The obstacle course of Ecuadorian roses to reach the stalls of the world

” NOT
e have experienced many local and international crises. We live in crisis, but we know how to manage”, says Eduardo Letort, head of the Hoja Verde company, which produces 35 million roses of 120 different varieties each year. Ecuador, where some 600 companies grow 450 varieties of roses, is the world’s third largest producer after the Netherlands and Colombia.

The most beautiful in the world

Tall, up to 90 cm tall, bearing buds with abundant colorful petals, bright green leaves, Ecuadorian roses are struck as the most beautiful in the world.

“Because of quality, color, size, we always have an advantage in the market”explains Socorro Martinez, head of the Dutch company Dümmen Orange, located in Guachala.

Burial requests on the rise due to Covid-19

“These have been very tough years, but we flower growers are very resilient. We have managed to adapt, we have become more efficient”explains Mr. Letort in his nursery in Cayambe, an Andean town near Quito.

In this highly competitive sector, Ecuadorian producers have notably explored new markets, taking advantage of the excellent reputation of their production. They also rationalized the use of fertilizers in the face of rising prices, first due to the pandemic, then because of the war in Ukraine, Russia being a main supplier of fertilizers.

In June, as the mobilization of the natives against the cost of living and the price of fuels hardened, the demonstrators sometimes attacked shipments of roses. Flowers also had to be thrown away because they rotted on the spot, unable to be evacuated due to road blockages.

Flower growers are concentrated on 5,800 hectares in the high Sierra region. In 2020, despite the Covid-19 pandemic, sales represented $827 million, a less steep drop than expected compared to 2019 (880 million).

“We have seen that flowers, despite the pandemic, have become a necessary commodity. People wanted color, scents in their homes, it really became a staple.”, underlines Mr. Letort, which sends 5% of its production to France. Not to mention the increased requests for burials due to Covid-19.

An already complicated business

At the start of 2022, exports had already rebounded strongly. Between January and May, they generated 432 million dollars, against 417 over the same period in 2021. But the eighteen-day strike caused by the indigenous movements against the high cost of living has tarnished this optimism a little. For the president of the Association of Producers and Exporters Expoflores, Alejandro Martinez, the year 2022 “looked very good despite the Russia issue, with declines, but with a potential recovery at the end of the year”. “With the strike (native), it will be much more complicated” maintain the expected results, he predicts.

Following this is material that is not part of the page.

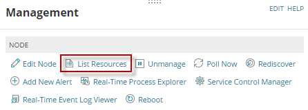 - On the Node Details page, click List Resources in the Management widget.

In 2021, Russia was the second largest market for Ecuadorian flowers (20%), behind the United States (40%). After the invasion of Ukraine, Russian purchases fell to 10%, according to Letort, who is also a local representative of Expoflores.

“The flower trade is difficult in itself, it does not take a strike, nor a pandemic, nor a war to be already complicated”, estimates Marco Peñaherrera, an intermediary who sells 120,000 roses a week in the United States. But he recognizes, without disclosing it, that his margin is sufficient to consider that “it’s a good business”.